WHAT TO PRODUCE | Of the lines in the data below, write out exactly those from the one holding "2 月 17 日,百度移动开放平台发布关于" through the one holding "Да аспарух просто", both included.

AVAILABLE DATA |

[Start of section]

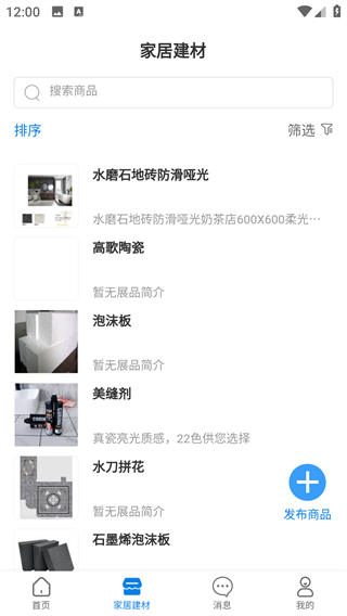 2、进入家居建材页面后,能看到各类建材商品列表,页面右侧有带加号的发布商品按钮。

[End of section]
[Start of section]

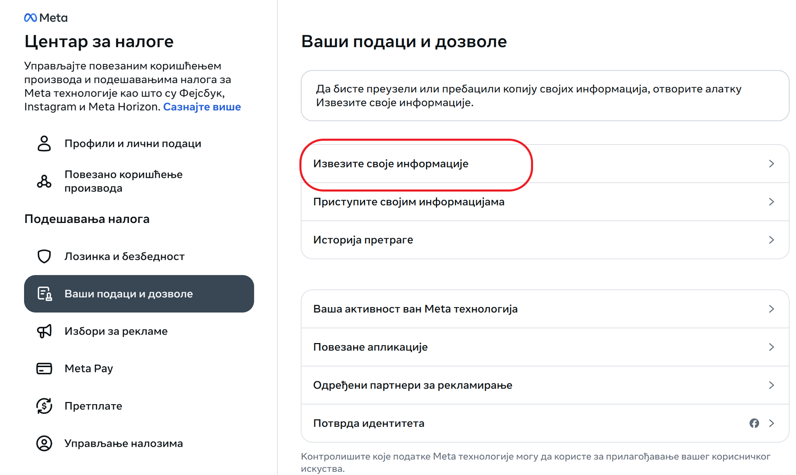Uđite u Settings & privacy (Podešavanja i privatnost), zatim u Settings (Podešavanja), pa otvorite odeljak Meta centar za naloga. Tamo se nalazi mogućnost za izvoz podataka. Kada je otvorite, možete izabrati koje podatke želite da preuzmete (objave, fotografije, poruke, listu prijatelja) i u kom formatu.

[End of section]
[Start of section]

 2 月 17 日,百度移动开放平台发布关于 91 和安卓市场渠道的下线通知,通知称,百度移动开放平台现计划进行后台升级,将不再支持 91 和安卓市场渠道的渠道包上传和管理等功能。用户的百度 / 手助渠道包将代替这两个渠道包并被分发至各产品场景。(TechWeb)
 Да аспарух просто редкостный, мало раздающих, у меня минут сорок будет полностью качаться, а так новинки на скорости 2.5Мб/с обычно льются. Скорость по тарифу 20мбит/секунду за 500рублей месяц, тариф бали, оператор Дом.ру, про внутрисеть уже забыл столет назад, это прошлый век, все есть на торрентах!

[End of section]

EXERCISE RESULT |
 2 月 17 日,百度移动开放平台发布关于 91 和安卓市场渠道的下线通知,通知称,百度移动开放平台现计划进行后台升级,将不再支持 91 和安卓市场渠道的渠道包上传和管理等功能。用户的百度 / 手助渠道包将代替这两个渠道包并被分发至各产品场景。(TechWeb)
 Да аспарух просто редкостный, мало раздающих, у меня минут сорок будет полностью качаться, а так новинки на скорости 2.5Мб/с обычно льются. Скорость по тарифу 20мбит/секунду за 500рублей месяц, тариф бали, оператор Дом.ру, про внутрисеть уже забыл столет назад, это прошлый век, все есть на торрентах!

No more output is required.